The consent decrees that the DOJ imposed on songwriters are ridiculous and need to go away. However there is one good argument for them as they provide a great degree of market efficiency. The consent decrees force BMI, ASCAP, to license their songwriters entire repertoire. This in turn influences the other two songwriter organizations to license their entire repertoire as well. These are called “blanket licenses.” Thus a radio station need only obtain four licenses to enable it to freely play any song. But removing thousands if not millions of songs from the BMI and ASCAP blanket licenses would require a radio station to enter into thousands if not millions of contracts to have the same freedom to play whatever they want. This change would completely undermine the entire rationale for the DOJ to regulate music licensing in the first place. Almost everyone involved on the songwriter side (as well as many licensees) became convinced this rule change was designed to help Google. This is stunning corruption. The entire DOJ antitrust division was being used to benefit a single company. A company that one could argue is/was involved in anti-competitive monopoly.

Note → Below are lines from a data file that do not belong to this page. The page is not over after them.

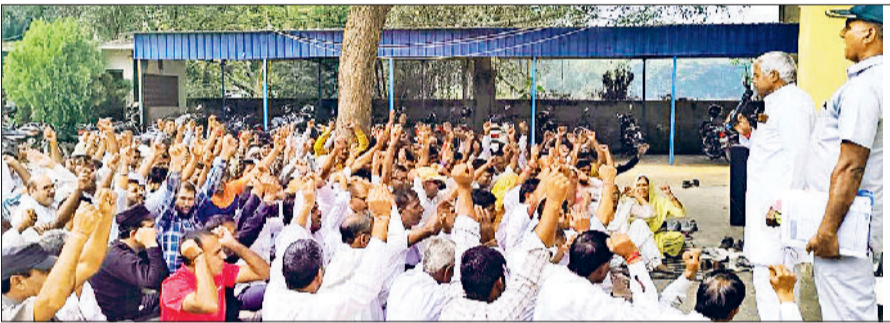
महेंद्रगढ़। कर्मचारियों को संबोधित करते यूनियन के पदाधिकारी।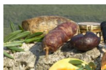
La gastronomie Corse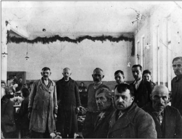
Кушнірський цех. Тисмениця. 20-ті рр. XX ст.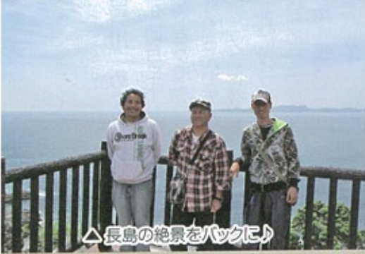
△長島の絶景をバックに♪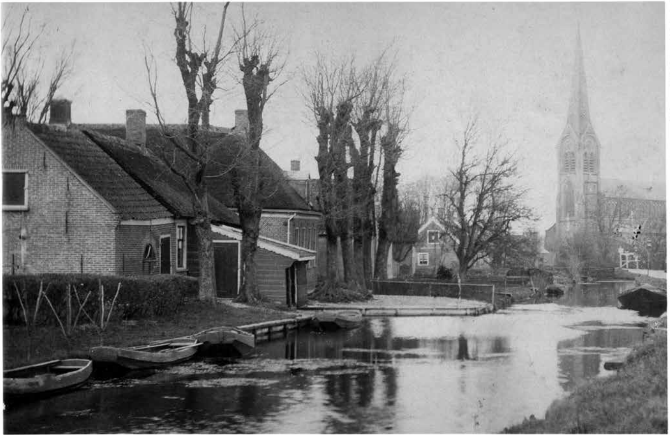
Boerderij De Verandering (Het Vaticaan) ca. 1920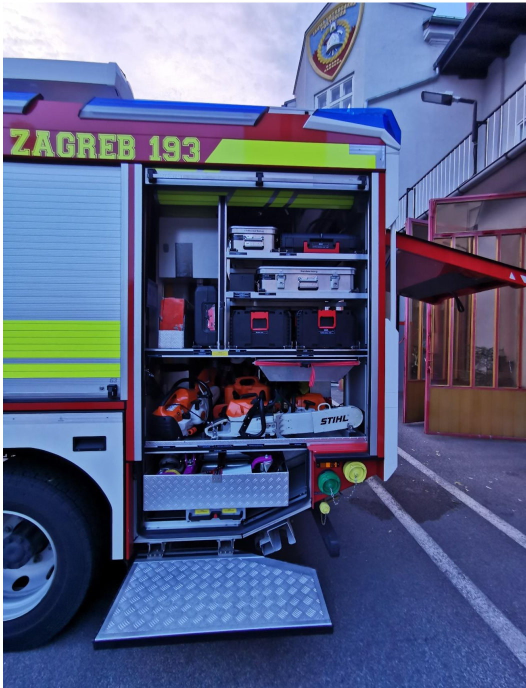
Slika 21. Prostor opreme lijevi broj 3.[7]

Oprema koja se u njemu nalazi: električarski alat u koferu, mehaničarski alat u koferu, baterijska udarna bušilica u koferu, punjač za baterije za baterijski alat, pajsers poluge, baterijska brusilica, baterijska sabljasta pila, motorni parač, motorna pila, karnister za gorivo, autolift, mulde za šutu, hidraulika za otvaranje vrata,.....(slika 21.)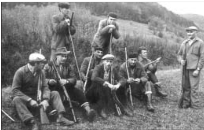
Spoločná poľovačka v roku 1965.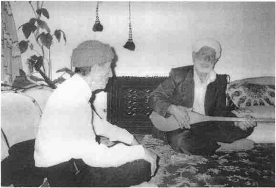
ملاقات دو استاد دوتارنواز از خراسان شمالی (شیعه) و خراسان رضوی (سنی)

Around this time BMI and then Songwriters of North America (SONA) a songwriter advocacy group sued the DOJ. Essentially the lawsuits argued the federal government was forcing songwriters to violate private contracts or retroactively make previously legal activity illegal. (Ex post facto lawmaking is prohibited by the constitution.) Instead of backing down Hesse’s antitrust division responded with a new and dangerously unhinged claim: The consent decrees always required 100 percent licensing so songwriter fractional licensing contracts between songwriters were always illegal. This despite the fact the consent decrees never required 100 percent licensing and in case after case BMI and ASCAP were required by DOJ to license fractionally. But most embarrassingly as we noted at the time:
“If 100% licensing already existed why did the DOJ spend the last year asking for comments from songwriters, publishers and music services on whether to make this change or not?
It was a clown show. At this point several members of congress began to poke around in the matter. One congressman asked a different federal agency, The Copyright Office to weigh in on the matter. This was precisely because Hesse had wrecked the reputation of the entire antitrust division of the DOJ. And it smelled like corruption.
Eventually Hesse left the antitrust division, but she didn’t settle the cases before she left. She left the cases to drag on. I suspect out of spite. How many millions of dollars did these cases cost taxpayers and songwriters? I’ve always thought Hesse should have been investigated, if not for corruption then at least for incompetence.
It will be a very sad day if Biden appoints Hesse to oversee the antitrust division. 80 million Americans didn’t vote for Biden because he promised to put a Google attorney in charge of Antitrust at DOJ.
Well stated. I was thinking being a musician was all fun and games. Dr. Lowery understands. Can you please explain the election corruption. What the hell is going on in this country?